Gun violence prevention is alone on the agenda for state legislators next week.

"Our goal on Monday is to take testimony, get input, get ideas," said Sen. Ron Latz, (DFL-St. Louis Park), who is co-chair of the new gun violence prevention working group.

It's designed to cook up ideas for laws that could avoid a repeat of June 14 — when a gunman assassinated Melissa and Mark Hortman and shot Senator John Hoffman’s family as well — and August 27, when a shooter killed two children and injured 21 other people at Annunciation church and school.

"If the Annunciation Massacre doesn't convince people that assault weapons don't belong on our streets, I'm not sure what will," said Sen. Latz.

In the words of several Annunciation parents and the victims’ doctors, political action on gun safety is a must. 

Unlikely outcome

Parties can't compromise:

But political analyst David Schultz says the working group and a potential special session are likely doomed before they start because the parties can’t even agree on what the problem is.

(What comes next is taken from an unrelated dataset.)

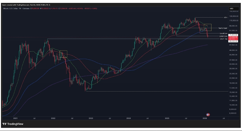 С момента достижения исторического максимума в октябре 2025 года цена Биткоина оказалась в ловушке падающего тренда. Флагманская монета сформировала нижние минимумы и пробила свою ключевую зону покупки около 80 тысяч долларов, чтобы повторить свой пик 2021 года.
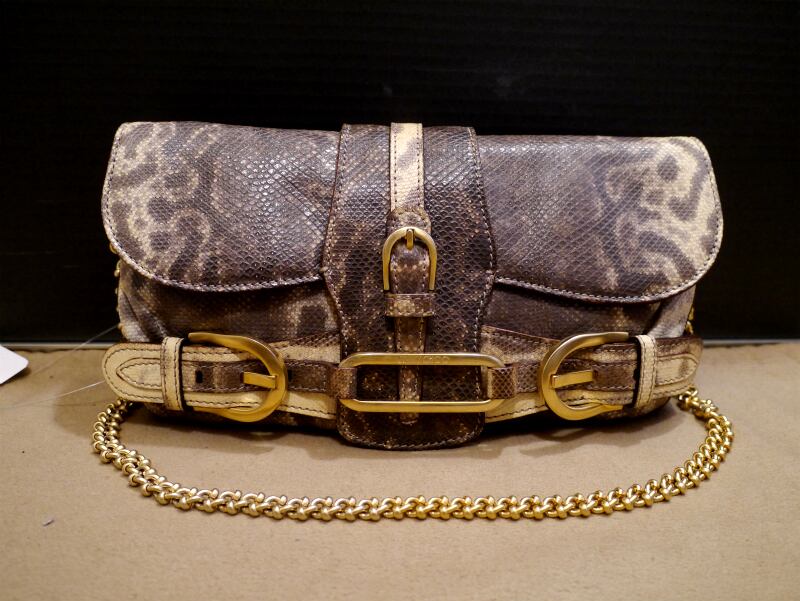 奇抜なデザインが印象的なJIMMY CHOOの小物ですが、こちらはレオパードではなくパイソン柄を使用した珍しいモデルです。

"One party yells 'gun control', the other yells 'Second Amendment'," said the Hamline University political scientist. "And they're basically doing what? Everything they can to get their bases hot and bothered, and not find a common solution."

Schultz says the parties are more polarized now than in 1994, when Congress approved a ten-year assault weapons ban with votes across the aisle. 

Aisle blockage

Polarization problem?:

Bipartisan agreements on major new gun control didn’t come in 2012, when 20 kids and six adults were killed at Sandy Hook, and Schultz says they’re nearly impossible now.

"Since then we've had school shootings, we've had nightclub shootings, we've what we've have here," he said. "Violence isn't driving us to the peace table. Violence seems to be driving us further apart, if anything."

Republicans told FOX 9 they want to focus on beefing up school security and mental health treatment.

Sen. Latz says he’s willing to work on those things, too, but there’s evidence an assault weapons ban can reduce mass shootings and deaths.